--- START ---

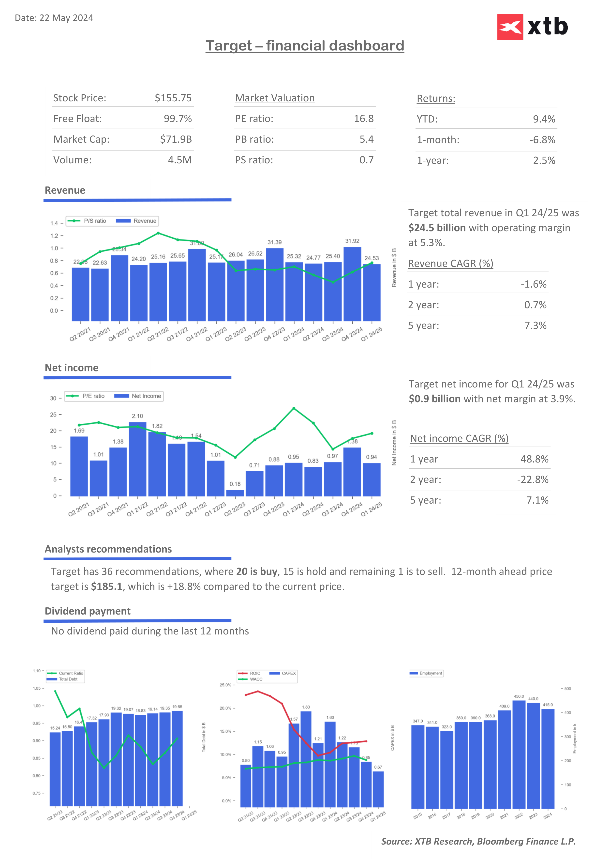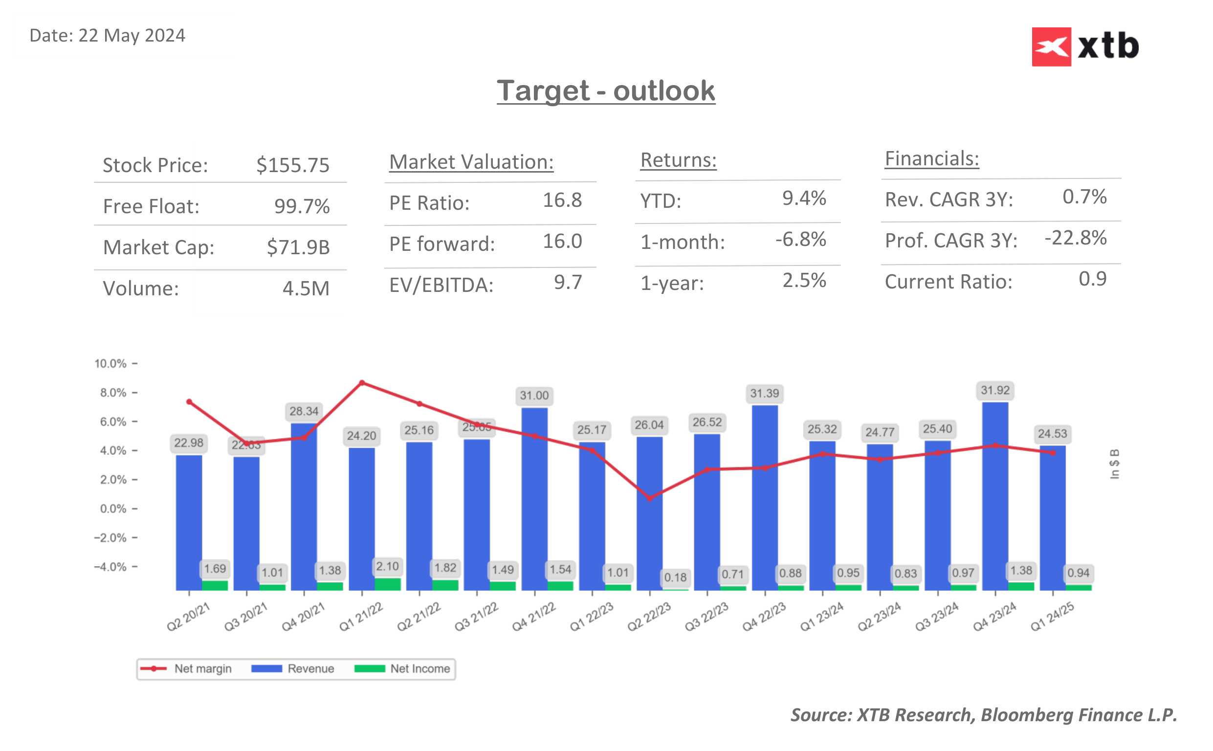 Shares of Target (TGT.US) are losing nearly 7% before the opening of the session following the release of results. Source: xStation 5
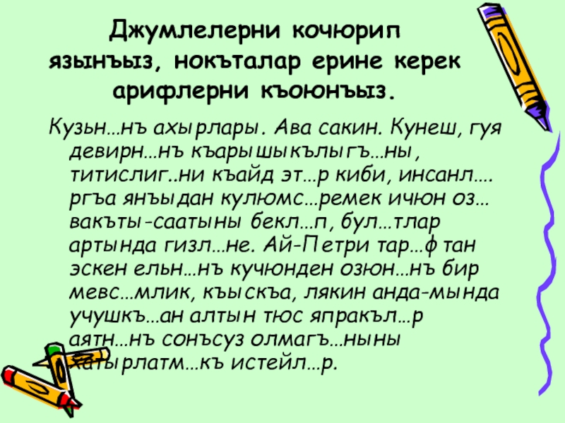 Слайд 9Джумлелерни кочюрип язынъыз, нокъталар ерине керек арифлерни къоюнъыз.
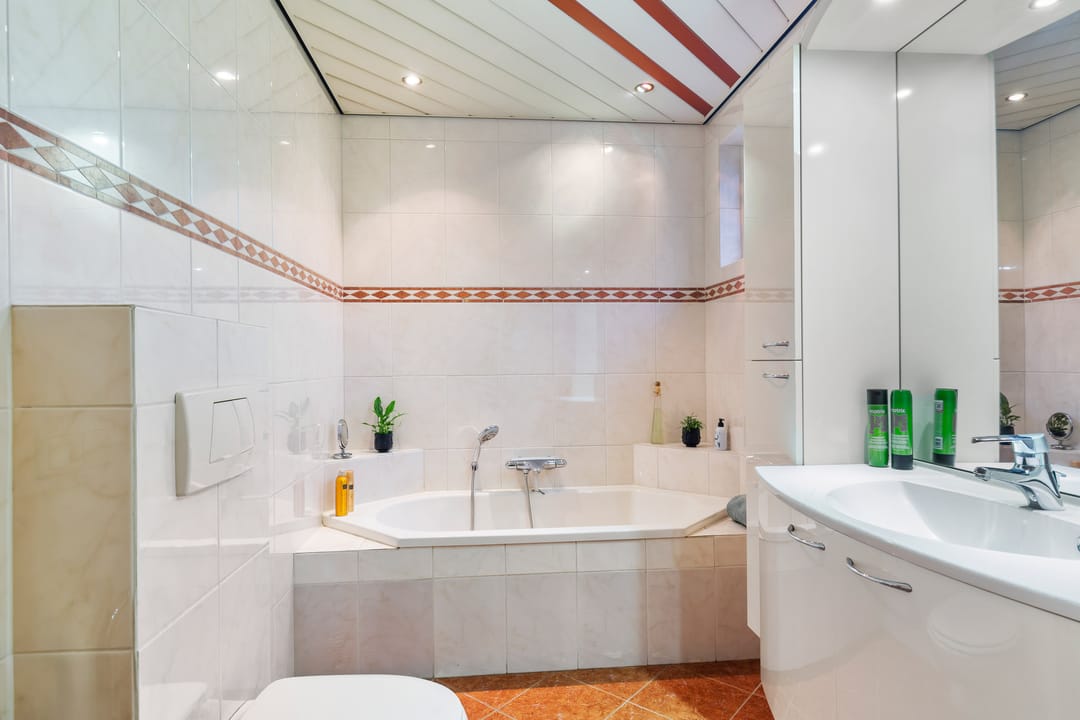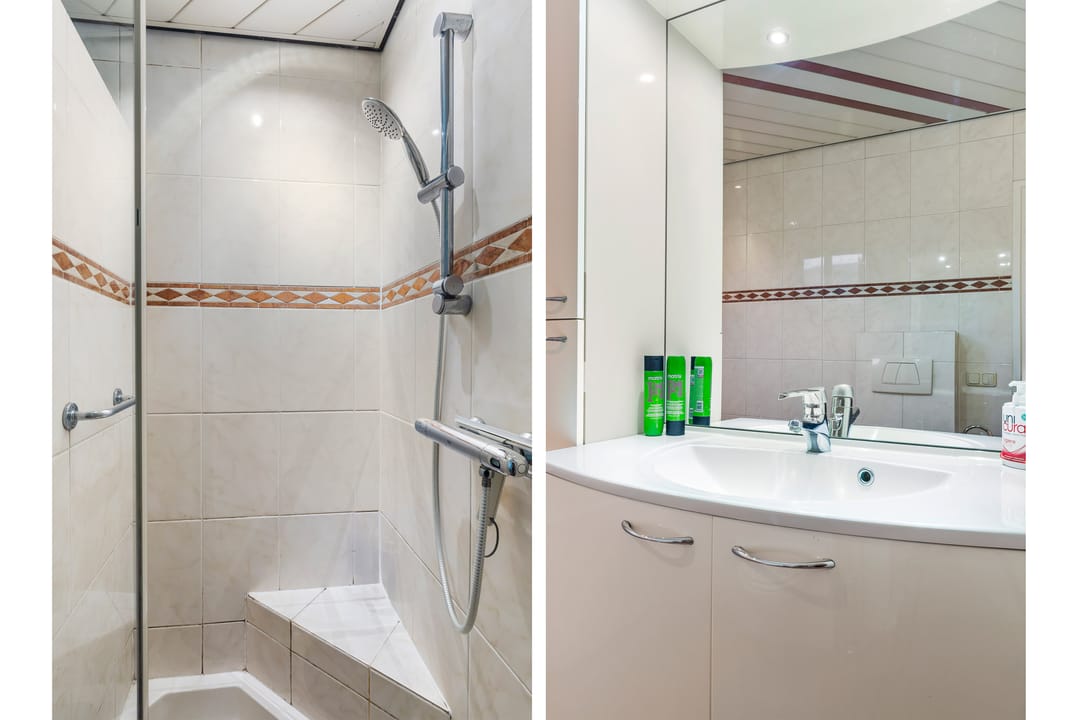 + Badkamer: Geniet van luxe en comfort in de ruime badkamer, compleet met een ontspannend bad, douchecabine, wandtoilet en wastafel.
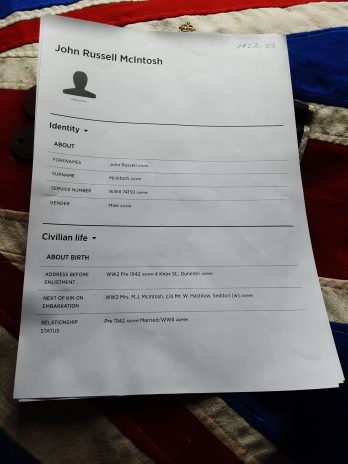 John Russell mcintosh enlisted in 1942 at dunedin ,otago.seeved with 3rd nz divisional postal unit & nz engineers with 2nd new Zealand expeditionary force.
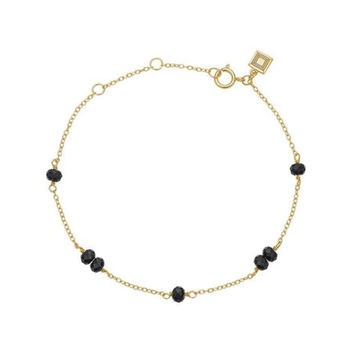 Armbåndet er fremstillet i sterling sølv, og belagt med guld og med sort spinel sten. Armbåndet er fra serien ‘Gem Candy’ der er kendt for sine farverige sten.
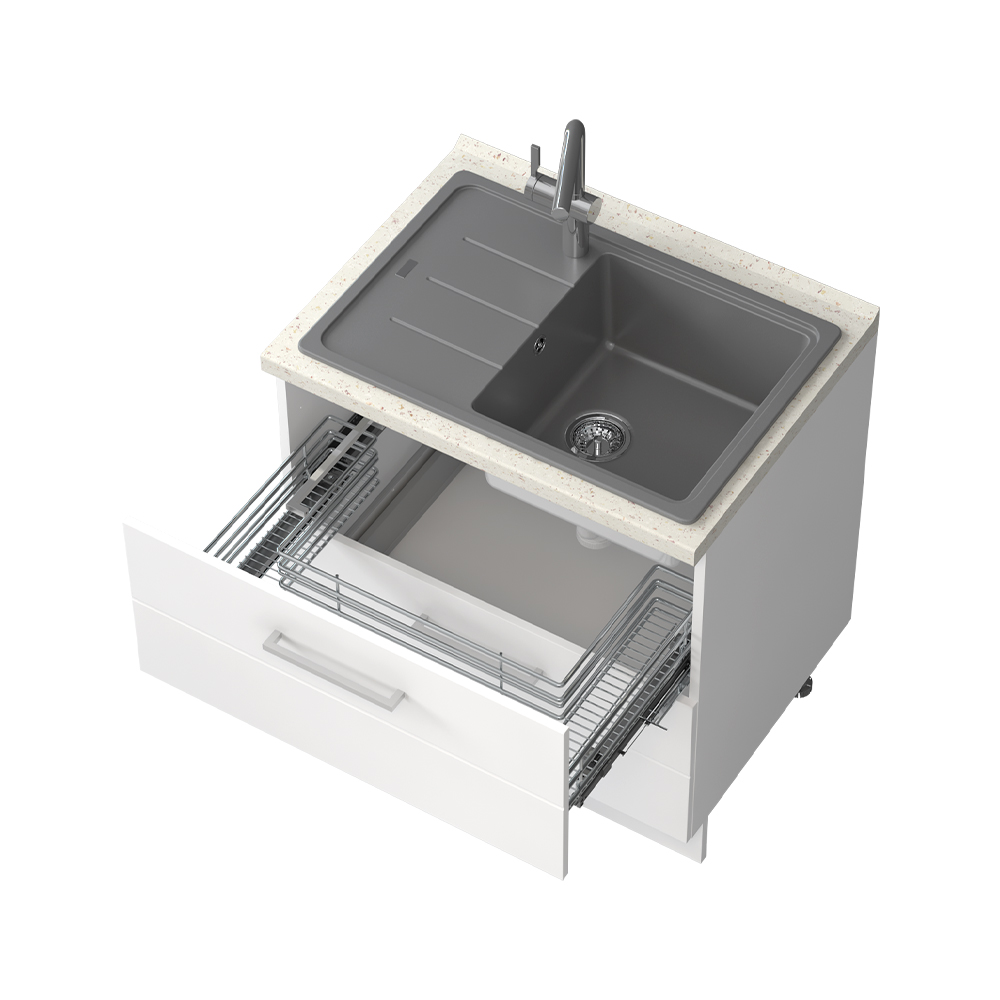 Radni kuhinjski element sa dve fioke sa punim izvlačenjem, širine 80 cm. Ugradnjom ovog elementa omogućuje se maksimalno iskorišćenje prostora ispod sudopere. Jedna fioka sadrži hromiranu žičanu korpu čiji je oblik prilagođen sifonu sudopere, a druga je metal-box fioka nosivosti do 30 kg.
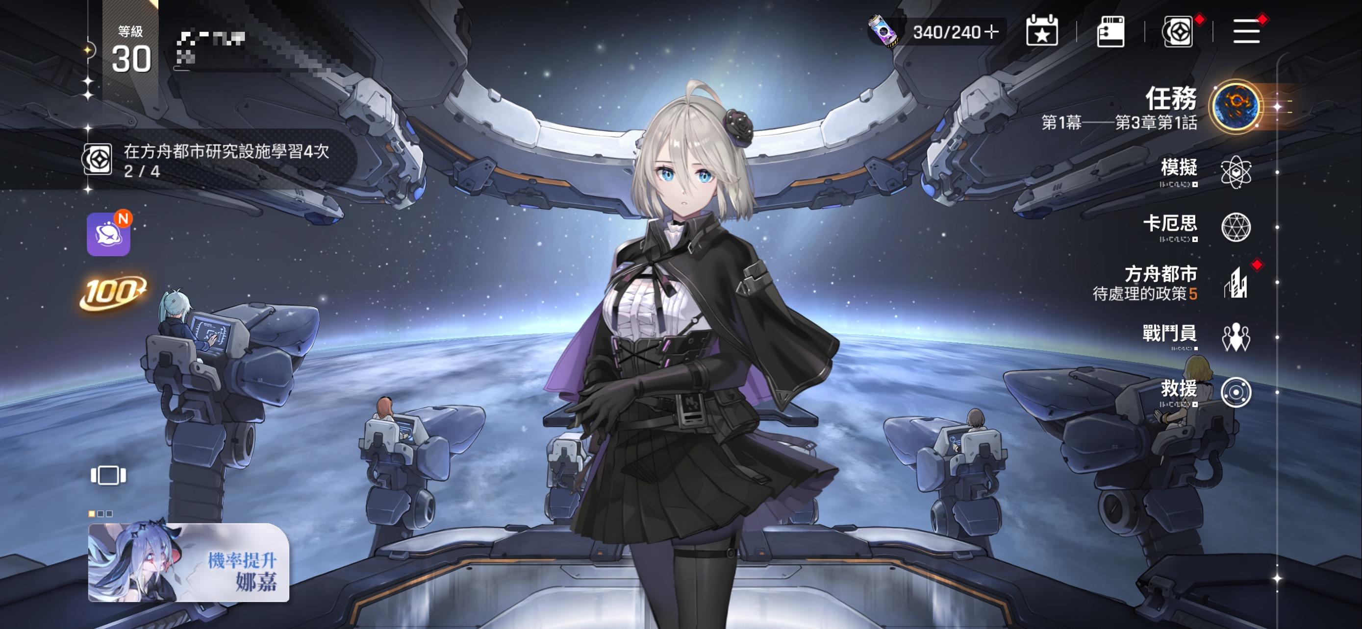 3、这一条是纯纯的负面感受了。在结束新手引导后来到主界面大厅进行操作时,我发现游戏的UI真是无比的杂乱,令人眼花。UI风格和质感明显模仿了《明日方舟》,但在易用性上完全不符合国内用户习惯,而且明明体量不大,在各界面进行交互操作,界面切换时有非常明显的卡顿,就凭这一点,剧情即使再好,都让我很难有坚持下去的动力。
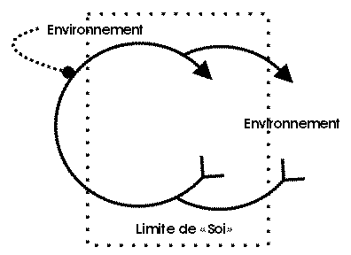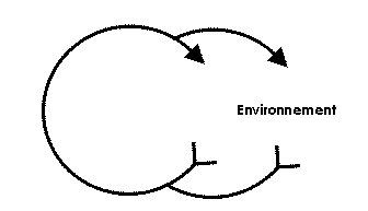 C'est un modèle de ce genre que propose la figure 1; elle représente le modèle minimal dont on puisse parler significativement. Les flèches représentent des chaînes causales et tout le diagramme représente une entité qui consiste en un circuit causal interne autocorrecteur sur lequel agit un environnement et qui agit sur lui. 214 Le lecteur qui désire un tableau plus complet peut imaginer, s'il lui plaît, soit un protozoaire engagé dans un tropisme positif, soit un servomécanisme engagé dans la poursuite d'une cible. En tout cas, quelle que soit l'image que l'on s'en fait, il est de toute façon incapable des codages et évaluations complexes qui sont du domaine de la présente étude. Tout au plus peut-il distinguer des éléments de l'environnement («lumière», «pas de lumière», etc.), mais certainement il ne sera pas capable de conceptualiser des notions telles que «Je perçois de la lumière», «Je vois de la lumière», «La perception de la lumière est un plaisir», ou bien «La lumière m'oblige à aller vers elle». Dans les actions et les autocorrections de systèmes de ce genre à tropismes simples, on ne peut pas percevoir de principes évaluatifs de ces niveaux assez élevés et ce sont des principes de ce genre que nous cherchons à classer. Ce modèle, donc, est utile en ce sens qu'il nous laisse carte blanche[NT 1] pour un cheminement systématique vers l'anthropomorphisme.
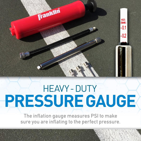 Keep your sports balls inflated and ready to play with Franklin Sports Ball Pump Kit Nothing is worse than a flat basketball or soccer ball when youre ready to get the game started But with this complete hand pump kit, youll have everything you need to keep your sports balls inflated for optimal play This set comes complete with (1) 75 hand pump, (3) inflation needles (1) flexible hose, (1) air pressure gauge, and (1) carry bag to make it easy to bring on the go Dont let your game fall flat Bring home one of Franklin Sports Ball Pump Kits today and bring the bounce back

--- END ---

> [PROBLEM DESCRIPTION]
Reproduce only the lines running from the beginning of the entries above to the line holding "3、这一条是纯纯的负面感受了", inclusive. Pictures stay out of the copy.

> [RESPONSE]
 Shares of Target (TGT.US) are losing nearly 7% before the opening of the session following the release of results. Source: xStation 5
 Слайд 9Джумлелерни кочюрип язынъыз, нокъталар ерине керек арифлерни къоюнъыз.
 + Badkamer: Geniet van luxe en comfort in de ruime badkamer, compleet met een ontspannend bad, douchecabine, wandtoilet en wastafel.
 John Russell mcintosh enlisted in 1942 at dunedin ,otago.seeved with 3rd nz divisional postal unit & nz engineers with 2nd new Zealand expeditionary force.
 Armbåndet er fremstillet i sterling sølv, og belagt med guld og med sort spinel sten. Armbåndet er fra serien ‘Gem Candy’ der er kendt for sine farverige sten.
 Radni kuhinjski element sa dve fioke sa punim izvlačenjem, širine 80 cm. Ugradnjom ovog elementa omogućuje se maksimalno iskorišćenje prostora ispod sudopere. Jedna fioka sadrži hromiranu žičanu korpu čiji je oblik prilagođen sifonu sudopere, a druga je metal-box fioka nosivosti do 30 kg.
 3、这一条是纯纯的负面感受了。在结束新手引导后来到主界面大厅进行操作时,我发现游戏的UI真是无比的杂乱,令人眼花。UI风格和质感明显模仿了《明日方舟》,但在易用性上完全不符合国内用户习惯,而且明明体量不大,在各界面进行交互操作,界面切换时有非常明显的卡顿,就凭这一点,剧情即使再好,都让我很难有坚持下去的动力。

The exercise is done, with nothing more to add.